Symptom is relatively easy to describe: you run "nova live-migration <guest> <host>", and nothing happens.

A few words of background:

- System is Ubuntu precise with stock packages and regular updates, no external PPAs. nova-compute is at version 2012.1-0ubuntu2.1.

- libvirtd is running with the "-l" option and with a working TCP socket as described here:
http://docs.openstack.org/trunk/openstack-compute/admin/content/configuring-live-migrations.html

- /var/lib/nova/instances is on GlusterFS.

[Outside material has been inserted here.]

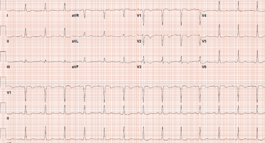Serial troponin I levels (ng/L) measured were less than 16 ng/L (lab reference 0-45 ng/L). All laboratory data including the electrolytes and D-dimer were within normal limits. She had a cardiac catheterization two months ago for chest pain and shortness of breath which showed no coronary artery disease. A transthoracic echocardiogram revealed normal ejection fraction with no wall motion abnormalities. An X-ray of left shoulder joint showed degenerative osteoarthritis and with intraarticular steroid injection her pain significantly improved. A repeat ECG (Figure 3) obtained on the next day showed complete resolution of the anterior T wave inversions and resumption of left bundle branch block. In our patient the T wave inversions were consistent with the diagnosis of cardiac memory due to intermittent left bundle branch block.

Now, if you're setting various --*vnc* flags in nova.conf, live migration fails even at the libvirt level (a similar issue has been
reported here recently, see https://lists.launchpad.net/openstack/msg12425.html).

# virsh migrate --live --p2p --domain instance-0000000a \
  --desturi qemu+tcp://skunk-x/system
error: Unable to read from monitor: Connection reset by peer

("skunk-x" is secondary IP address of the host "skunk", living in a dedicated network used for migrations).

This is in the libvirt.log on the source host:
2012-06-05 20:39:25.838+0000: 12241: error : virNetClientProgramDispatchError:174 : Unable to read from monitor: Connection reset by peer

At the same time, I am seeing this in the libvirtd log on the target host:
2012-06-05 20:39:25.394+0000: 6828: error : qemuMonitorIORead:513 : Unable to read from monitor: Connection reset by peer

Removing all --*vnc* flags from nova.conf resolved that issue for me.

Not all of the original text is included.